I have lived in Kamloops, B.C., for 40 great years. I worked as an X-ray technician, mostly in the operating rooms, served my fellow workers as their union steward, and spent the rest of the time being a farm girl, competing with my horses in jumping and dressage events, enjoying life with my partner, Jim, and travelling a lot.
Twenty-two years ago I was diagnosed with breast cancer. Because Royal Inland Hospital in Kamloops is a mid-sized regional hospital, it offers most of the services needed for any diagnosis and some specialty treatments. However, for radiation therapy, I had to travel to Kelowna, a two-hour drive away. Before starting radiation therapy, I was scheduled for two appointments, a consult and a “mapping” of the region to be treated.
I never understood why all three of my initial visits (the third being the first round of radiation therapy) couldn’t be done in one trip, even if I subsequently needed to visit Kelowna for several consecutive days to receive the radiation therapy. To investigate this, I spoke with everyone at the cancer clinic from the chief oncologist to the booking staff.

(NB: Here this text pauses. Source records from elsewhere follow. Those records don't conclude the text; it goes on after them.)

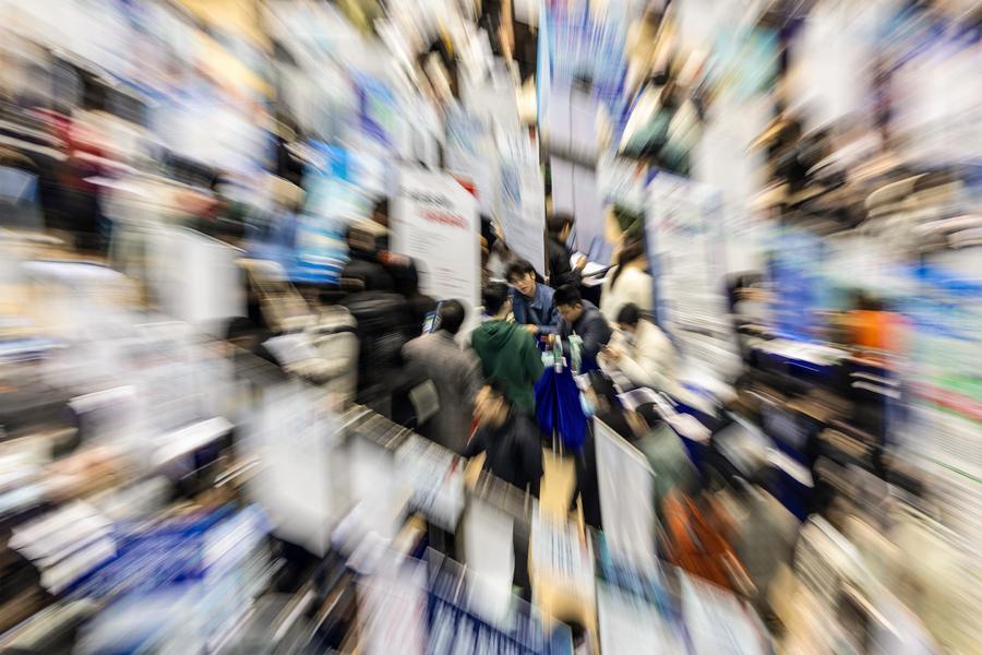 Students learn about employment information at a job fair held at Harbin Institute of Technology in Harbin, northeast China's Heilongjiang Province, March 26, 2025. (Xinhua/Zhang Tao)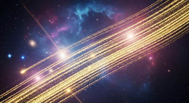 Cosmic symphony of golden streaks against a starlit galactic canvas exploration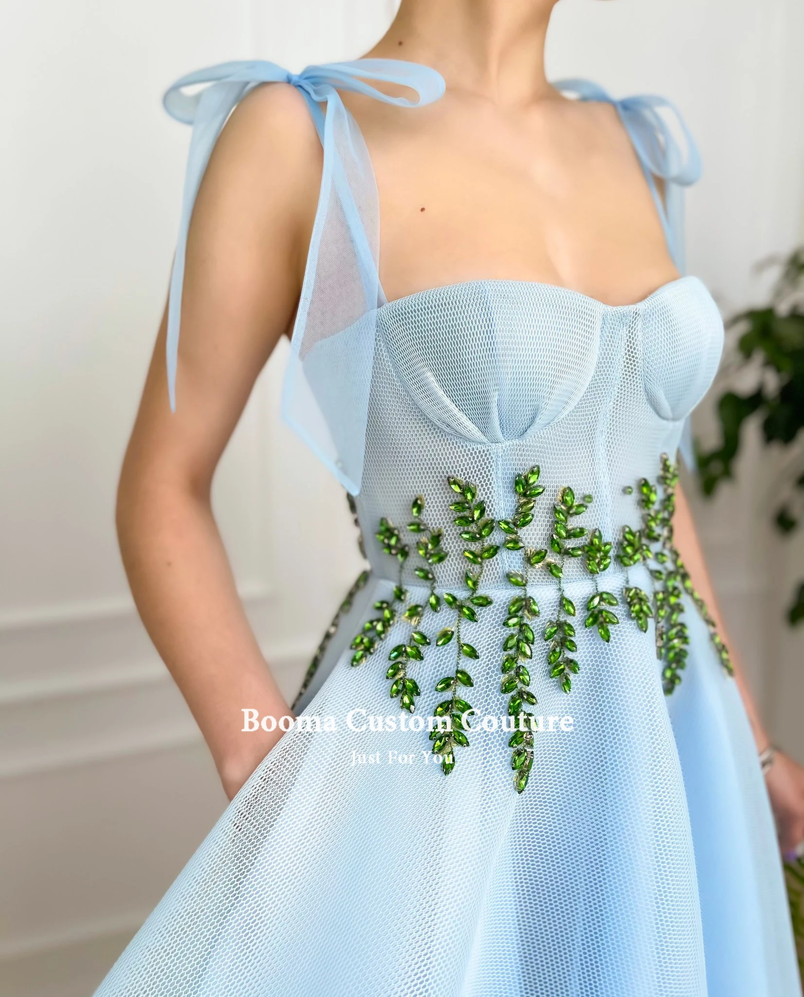 Детское платье на выпускной Booma, голубое Сетчатое платье из тюля, ТРАПЕЦИЕВИДНОЕ ПЛАТЬЕ на бретельках с бантом, с кристаллами и зелеными листьями для свадебной вечеринки
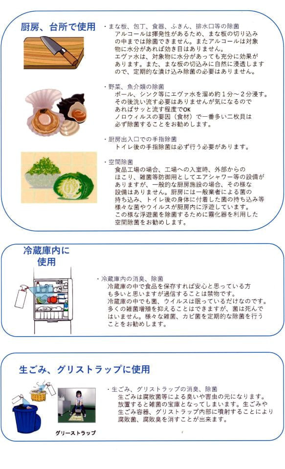 日本国内においてもカズノコ やオレンジの消毒および保存用の食品添加物として、また、病院や公衆浴場の殺菌剤としても広く使用されています。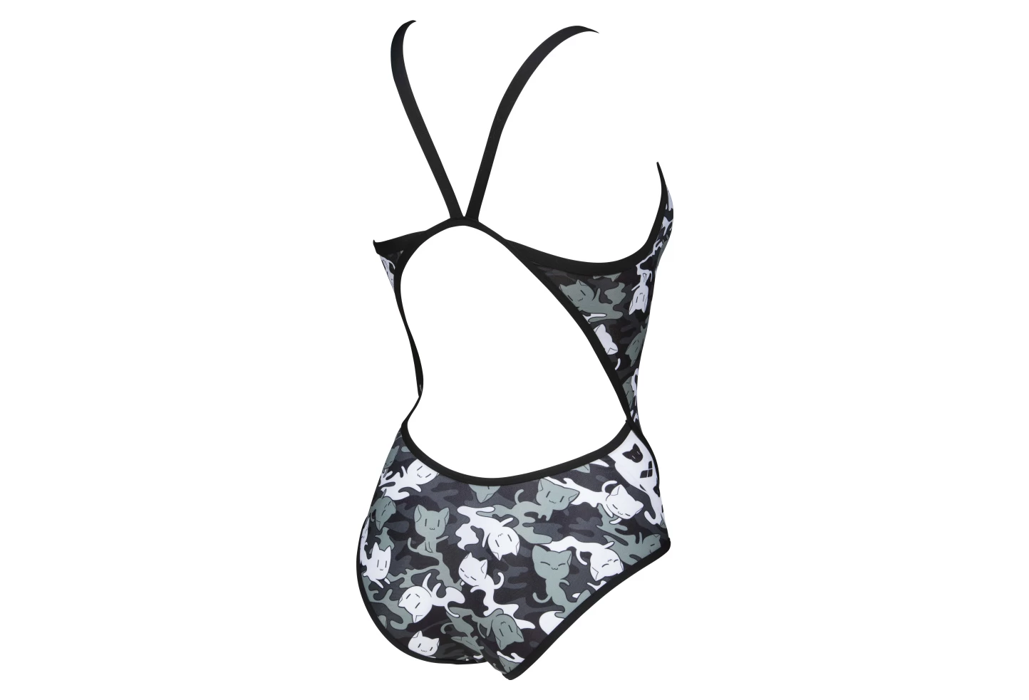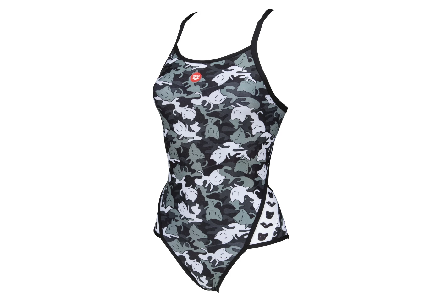 This season, put on a swimsuit with flattering graphics for your usual pool routine. An abstract camouflage pattern in soft black and white embellishes our Camo Cats one-piece. Designed to meet the requirements of swimming and frequent workouts.

I compiled a report with several low-cost recommendations to streamline the system and sent copies to the cancer clinic, my provincial member of parliament and the Ministry of Health. My report appeared to generate lots of interest and everyone agreed that there was a problem, leaving me to think that some changes would be made.
Silly me—I came up against the same problem 20 years later.
In 2017, when I was diagnosed with atrial fibrillation, a disruption in the rhythm of the heart which is caused by chaotic electrical signals and can potentially lead to a stroke. All the diagnostic work was done in Kamloops, and I was referred to the atrial fibrillation clinic at St. Paul’s Hospital in Vancouver for a catheter ablation (cauterization of the areas in the heart causing the arrhythmia). In January 2018, I travelled down for what turned out to be a 15-minute chat with the cardiologist. The distance from Vancouver to Kamloops is 350 km; I flew down and bussed back. The trip cost me about $400, when a videoconference would have sufficed.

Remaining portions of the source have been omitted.